The group — Burbank Residents Opposed to Jess Talamantes Slashing Public Safety — is being bankrolled by the United Food and Commercial Workers Union Local 770 political action committee, which represents roughly 35,000 workers in the retail food industry, about 800 of whom live in Burbank, said campaign spokesman Mike Shimpock.

The committee is taking issue with Talamantes' support of a $2-million bailout of DeBell Golf Course — a city-owned enterprise that he publicly defended as “too big to fail” — even after school resource officers were cut from the city's budget. Opponents also claim the councilman refused to adequately consider concerns about a planned Walmart — a claim Talamantes denied in an interview Tuesday.

“We met and we addressed the issue,” Talamantes said of Walmart, adding that he stands by his vote to support DeBell. “It belongs to the city ... it's not like we're bailing out a private enterprise.”

Dave Golonski also supported the DeBell bailout, but David Gordon did not.
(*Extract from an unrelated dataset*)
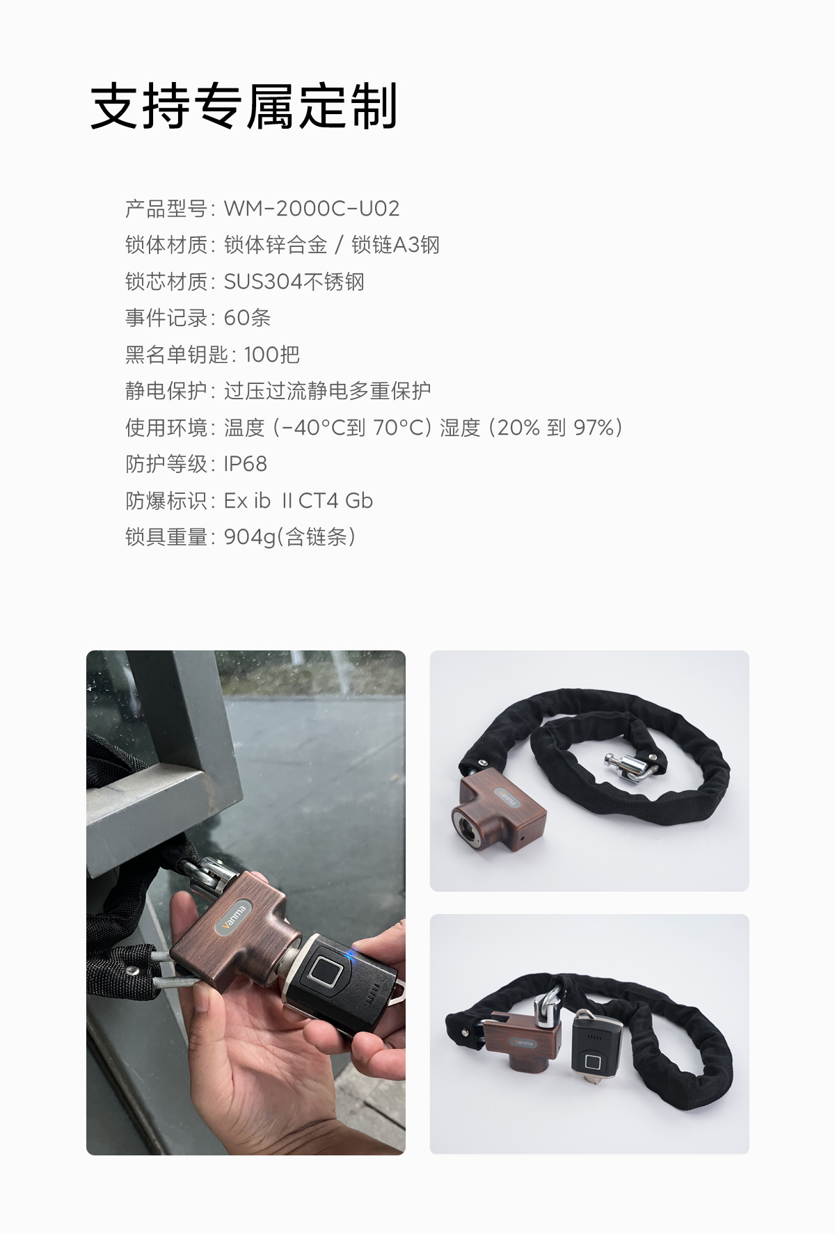产品型号:WM-2000C-U02 锁体材质:锁体锌合金/锁链A3钢 锁芯材质:SUS304不锈钢 事件记录:60条 黑名单数:100把钥匙 静电保护:过压过流静电多重保护 使用环境:温度(-25°C到 70°C)湿度(20% 到 95%) 防护等级:IP68 防爆标识:Ex ib ⅡC T4 Gb

Both Golonski and Gordon, who are also up for reelection, joined Talamantes last year in voting to pave the way for Walmart to obtain necessary building permits.

Even so, Shimpock said the opposition campaign remains focused on Talamantes.

The opposition also stems from the councilman's support of a proposal to use $450,000 of public art funds to build a sculpture garden in Lincoln Park, and his unsuccessful pitch to invest $87,000 over the next five years to bring outdoor ambient music to downtown.

“Spending almost $100,000 to make streets downtown sound like a dentist's office isn't how you increase the safety of neighborhoods,” Shimpock said. “He's clearly a binge spender.”

Talamantes, who is wrapping up his first term on the City Council, said the claims were misleading.

“I want this community to succeed just as much as anybody else,” he said. “I take input from staff, I take input from the public — my final decision is what is best for my community.”

But Shimpock said the councilman's “pet projects” have been proposed in times of financial hardship.

“That's not the sign of an elected official in touch with the needs of the community; that's the sign of a politician trying to burnish his resume at the expense of his community,” Shimpock said.